A typical question a researcher will ask is:

”What is the minimum sample size I will need to achieve a power of #80\%# to detect an effect size of #2# if my significance level is #0.05#?”

Depending on the type of hypothesis test, the researcher can count on a good statistician to give a correct answer to the researcher’s question.

#\text{}#

There are many different kinds of research hypotheses, some of which concern the true value of a population parameter associated with some variable.
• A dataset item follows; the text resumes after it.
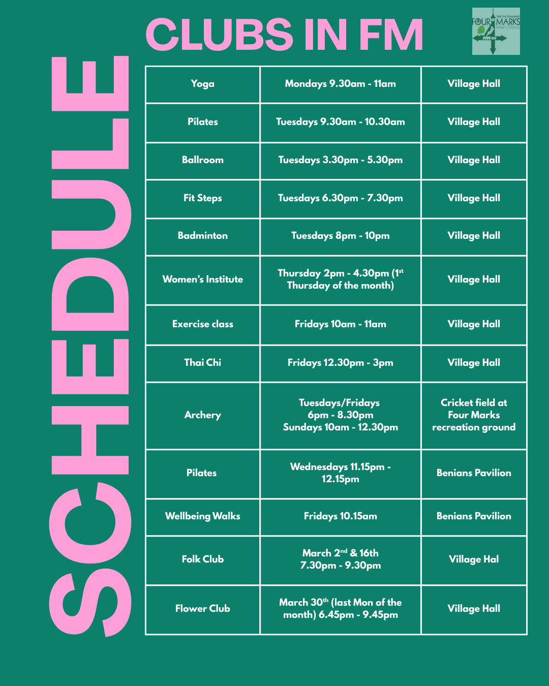 Please find a list of clubs available in Four Marks. If you'd like further details on any of them, please get in touch. admin@fourmarksparishcouncil.gov.uk
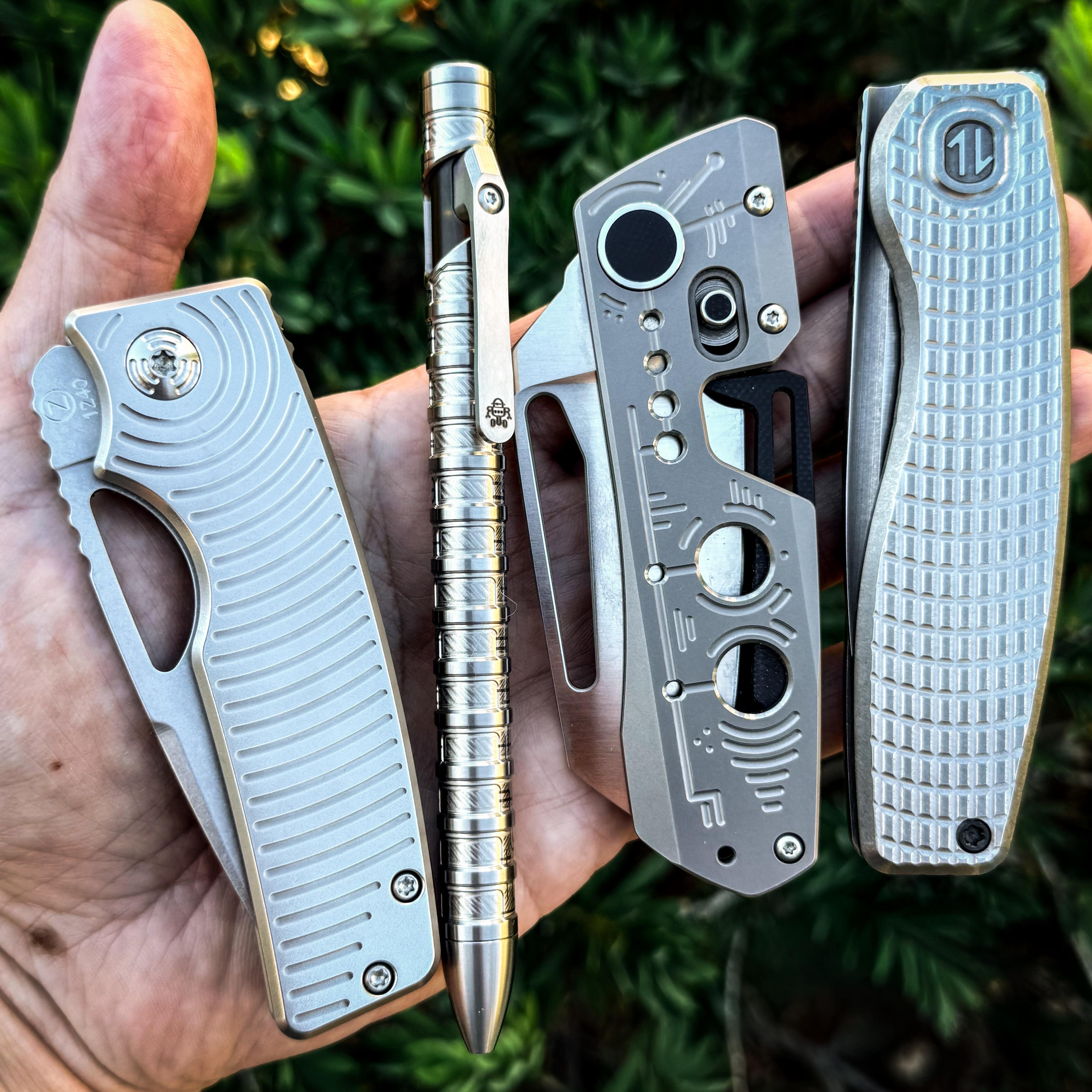 🔪 Winterblade Factor B2 Crop Circles, satin M390, titanium w/ black accents, crop circles and Ultra Silk blast by @cap_city_creations

In such cases, we call it a parametric hypothesis test.

Hypotheses of a Parametric Test

A parametric hypothesis test usually has the following form for the null and research hypotheses about a population parameter #\theta#:

#H_0: \theta \in \ominus_0# (the parameter #\theta# is in the set #\ominus_0#)

#H_1: \theta \notin \ominus_0# (the parameter #\theta# is not in the set #\ominus_0#)

The set #\ominus_0# could consist of only one real number, or it could be an interval of real numbers.

If this hypothesis test is conducted at significance level #\alpha#, then it has a direct connection to a #(1 - \alpha)100\%# one-sided or two-sided confidence interval for #\theta#.

Connection Between Hypothesis Testing and Confidence Intervals

If the confidence interval lies entirely outside of the set #\ominus_0#, then the hypothesis test will conclude in favor of #H_1# at significance level #\alpha#, and vice versa.

However, if the confidence interval includes any part of #\ominus_0# then the hypothesis test will conclude in favor of #H_0# at significance level #\alpha#, and vice versa.

Note that we have to use a one-sided confidence interval if the alternative hypothesis involves the symbols #># or #<#. Only if the null hypothesis involves #\neq# do we use a two-sided confidence interval.

For example, suppose we are interested in the population proportion #p# for some characteristic, and we have the following hypotheses:
\[H_0: p = 0.6 \\
H_1: p \neq 0.6\]

which we plan to test at significance level #\alpha = 0.01#. In this example #\ominus_0 = \{0.6\}#.

If, after collecting the data, we compute a two-sided #99\%# CI for #p# such as #(0.47,0.56)#, then we would conclude in favor of #H_1# in the hypothesis test, since this #99\%# CI only includes values that are smaller than #0.6#.

But if, after collecting data, we compute a #99\%# CI for #p# such as #(0.53,0.62)#, then we would conclude in favor of #H_0# in the hypothesis test, since this #99\%# CI includes #0.6#.

However, we will see in a later section that this correspondence is only exactly true in this setting if the CI is computed in a different way from the way introduced in the previous chapter.

For another example, suppose we are interested in the population mean #\mu# for some variable, and we have the following hypotheses:
\[H_0:\mu \leq 100 \\
H_1: \mu > 100\]

which we test at significance level #\alpha = 0.05#. In this example #\ominus_0 = (-\infty,100]#.

If, after collecting data, we compute a one-sided #95\%# CI for #\mu# such as #(102.3,\infty)#, then we would conclude in favor of #H_1# in the hypothesis test, since this one-sided #95\%# CI only includes values that are larger than #100#.

But if after collecting data we compute a one-sided #95\%# CI for #\mu# such as #(95.4,\infty)#, then we would conclude in favor of #H_0# in the hypothesis test, since this one-sided #95\%# CI includes values that are smaller than #100#.

The following sections will focus on some specific settings in which we conduct parametric hypothesis tests, each of which corresponds to the settings for confidence intervals that were covered in the previous chapter.